◆ Required work ◆
The lines to repeat are those below from the one containing "No. | WMWXY320002P09664 |" down to the one containing "100% unique, charming, amazing, rustic, architect", both included; reproduce them exactly and nothing else.

◆ Data in this exercise ◆
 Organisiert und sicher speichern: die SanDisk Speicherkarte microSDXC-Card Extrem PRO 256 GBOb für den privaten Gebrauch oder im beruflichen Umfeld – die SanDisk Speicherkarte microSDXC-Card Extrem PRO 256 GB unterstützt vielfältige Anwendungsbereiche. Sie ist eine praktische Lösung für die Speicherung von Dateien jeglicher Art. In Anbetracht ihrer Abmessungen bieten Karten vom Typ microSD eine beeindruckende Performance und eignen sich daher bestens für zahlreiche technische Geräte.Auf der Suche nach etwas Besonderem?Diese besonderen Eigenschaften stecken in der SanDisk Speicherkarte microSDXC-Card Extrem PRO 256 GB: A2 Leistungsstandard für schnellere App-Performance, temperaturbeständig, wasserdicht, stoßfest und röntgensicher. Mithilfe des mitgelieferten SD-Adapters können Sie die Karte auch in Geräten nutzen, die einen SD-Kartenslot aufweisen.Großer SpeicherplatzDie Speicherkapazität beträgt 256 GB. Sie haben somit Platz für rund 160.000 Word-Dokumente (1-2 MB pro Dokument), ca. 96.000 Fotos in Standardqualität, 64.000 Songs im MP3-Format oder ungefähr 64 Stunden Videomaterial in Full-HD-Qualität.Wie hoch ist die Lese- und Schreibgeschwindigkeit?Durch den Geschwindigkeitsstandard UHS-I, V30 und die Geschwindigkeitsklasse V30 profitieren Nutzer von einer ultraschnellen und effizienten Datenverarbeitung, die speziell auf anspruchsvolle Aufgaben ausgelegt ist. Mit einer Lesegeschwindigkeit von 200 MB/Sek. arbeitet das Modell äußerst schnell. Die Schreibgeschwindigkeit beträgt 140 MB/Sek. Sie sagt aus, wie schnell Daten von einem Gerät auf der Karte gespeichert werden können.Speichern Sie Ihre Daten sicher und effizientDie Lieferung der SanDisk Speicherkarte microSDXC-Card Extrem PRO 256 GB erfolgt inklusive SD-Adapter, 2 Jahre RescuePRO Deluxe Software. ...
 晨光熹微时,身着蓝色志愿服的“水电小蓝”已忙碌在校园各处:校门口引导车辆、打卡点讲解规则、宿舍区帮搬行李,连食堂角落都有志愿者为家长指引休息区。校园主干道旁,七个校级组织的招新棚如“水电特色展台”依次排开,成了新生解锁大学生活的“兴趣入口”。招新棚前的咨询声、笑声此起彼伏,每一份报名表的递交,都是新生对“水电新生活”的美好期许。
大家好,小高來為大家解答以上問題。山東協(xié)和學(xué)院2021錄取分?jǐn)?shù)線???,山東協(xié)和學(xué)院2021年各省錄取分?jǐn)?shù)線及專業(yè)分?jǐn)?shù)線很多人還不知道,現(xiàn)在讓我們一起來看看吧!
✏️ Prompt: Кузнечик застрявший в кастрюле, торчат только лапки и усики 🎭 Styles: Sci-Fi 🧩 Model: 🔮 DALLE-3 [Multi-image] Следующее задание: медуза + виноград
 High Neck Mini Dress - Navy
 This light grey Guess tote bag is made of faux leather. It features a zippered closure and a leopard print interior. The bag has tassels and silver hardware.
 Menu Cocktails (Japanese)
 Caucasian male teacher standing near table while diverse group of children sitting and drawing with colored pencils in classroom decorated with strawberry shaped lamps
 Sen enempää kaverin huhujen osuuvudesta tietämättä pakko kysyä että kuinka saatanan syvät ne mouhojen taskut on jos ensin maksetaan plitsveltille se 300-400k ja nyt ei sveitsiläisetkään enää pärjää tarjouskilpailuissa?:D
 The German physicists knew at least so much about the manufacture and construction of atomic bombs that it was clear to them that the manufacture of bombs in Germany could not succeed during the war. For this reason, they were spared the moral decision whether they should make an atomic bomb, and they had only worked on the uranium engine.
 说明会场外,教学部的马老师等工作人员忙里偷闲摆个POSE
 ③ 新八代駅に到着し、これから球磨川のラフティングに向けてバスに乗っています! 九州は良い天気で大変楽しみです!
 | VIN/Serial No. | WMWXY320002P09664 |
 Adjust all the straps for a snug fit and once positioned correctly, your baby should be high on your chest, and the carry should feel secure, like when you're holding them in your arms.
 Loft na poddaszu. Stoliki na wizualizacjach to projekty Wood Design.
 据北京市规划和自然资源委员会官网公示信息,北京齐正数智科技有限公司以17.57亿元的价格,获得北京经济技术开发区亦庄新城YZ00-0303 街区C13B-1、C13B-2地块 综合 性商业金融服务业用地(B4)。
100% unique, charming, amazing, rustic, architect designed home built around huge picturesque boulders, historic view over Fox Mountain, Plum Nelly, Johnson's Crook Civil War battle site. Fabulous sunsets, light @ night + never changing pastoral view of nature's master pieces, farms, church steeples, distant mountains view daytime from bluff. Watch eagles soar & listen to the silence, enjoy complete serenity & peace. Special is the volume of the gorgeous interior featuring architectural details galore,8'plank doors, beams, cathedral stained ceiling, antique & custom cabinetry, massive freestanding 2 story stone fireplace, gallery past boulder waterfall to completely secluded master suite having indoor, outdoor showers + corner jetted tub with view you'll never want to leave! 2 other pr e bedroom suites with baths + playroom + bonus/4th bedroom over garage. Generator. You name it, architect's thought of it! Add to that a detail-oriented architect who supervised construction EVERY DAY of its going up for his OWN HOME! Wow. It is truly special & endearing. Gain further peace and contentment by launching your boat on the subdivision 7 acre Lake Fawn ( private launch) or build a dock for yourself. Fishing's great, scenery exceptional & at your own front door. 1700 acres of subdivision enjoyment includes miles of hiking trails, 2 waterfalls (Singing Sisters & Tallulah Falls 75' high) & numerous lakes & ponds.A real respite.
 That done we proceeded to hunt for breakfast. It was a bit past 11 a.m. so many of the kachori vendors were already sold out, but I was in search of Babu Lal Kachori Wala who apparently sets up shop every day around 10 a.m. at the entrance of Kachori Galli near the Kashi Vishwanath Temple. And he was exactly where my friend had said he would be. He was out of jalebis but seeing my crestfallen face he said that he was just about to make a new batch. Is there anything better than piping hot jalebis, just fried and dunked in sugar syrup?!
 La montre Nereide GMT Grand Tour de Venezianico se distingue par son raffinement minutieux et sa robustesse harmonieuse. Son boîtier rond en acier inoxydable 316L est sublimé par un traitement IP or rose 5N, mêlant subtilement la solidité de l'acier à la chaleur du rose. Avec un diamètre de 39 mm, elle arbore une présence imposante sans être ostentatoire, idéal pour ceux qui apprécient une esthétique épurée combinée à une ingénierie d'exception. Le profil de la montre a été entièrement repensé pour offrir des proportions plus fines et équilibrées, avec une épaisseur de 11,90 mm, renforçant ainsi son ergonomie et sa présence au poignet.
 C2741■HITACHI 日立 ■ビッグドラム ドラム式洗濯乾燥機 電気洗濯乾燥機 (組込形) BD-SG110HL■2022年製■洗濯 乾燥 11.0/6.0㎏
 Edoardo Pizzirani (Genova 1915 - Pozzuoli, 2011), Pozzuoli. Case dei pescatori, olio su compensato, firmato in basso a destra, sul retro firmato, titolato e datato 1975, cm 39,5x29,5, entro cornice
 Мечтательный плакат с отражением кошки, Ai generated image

◆ Solved exercise ◆
 | VIN/Serial No. | WMWXY320002P09664 |
 Adjust all the straps for a snug fit and once positioned correctly, your baby should be high on your chest, and the carry should feel secure, like when you're holding them in your arms.
 Loft na poddaszu. Stoliki na wizualizacjach to projekty Wood Design.
 据北京市规划和自然资源委员会官网公示信息,北京齐正数智科技有限公司以17.57亿元的价格,获得北京经济技术开发区亦庄新城YZ00-0303 街区C13B-1、C13B-2地块 综合 性商业金融服务业用地(B4)。
100% unique, charming, amazing, rustic, architect designed home built around huge picturesque boulders, historic view over Fox Mountain, Plum Nelly, Johnson's Crook Civil War battle site. Fabulous sunsets, light @ night + never changing pastoral view of nature's master pieces, farms, church steeples, distant mountains view daytime from bluff. Watch eagles soar & listen to the silence, enjoy complete serenity & peace. Special is the volume of the gorgeous interior featuring architectural details galore,8'plank doors, beams, cathedral stained ceiling, antique & custom cabinetry, massive freestanding 2 story stone fireplace, gallery past boulder waterfall to completely secluded master suite having indoor, outdoor showers + corner jetted tub with view you'll never want to leave! 2 other pr e bedroom suites with baths + playroom + bonus/4th bedroom over garage. Generator. You name it, architect's thought of it! Add to that a detail-oriented architect who supervised construction EVERY DAY of its going up for his OWN HOME! Wow. It is truly special & endearing. Gain further peace and contentment by launching your boat on the subdivision 7 acre Lake Fawn ( private launch) or build a dock for yourself. Fishing's great, scenery exceptional & at your own front door. 1700 acres of subdivision enjoyment includes miles of hiking trails, 2 waterfalls (Singing Sisters & Tallulah Falls 75' high) & numerous lakes & ponds.A real respite.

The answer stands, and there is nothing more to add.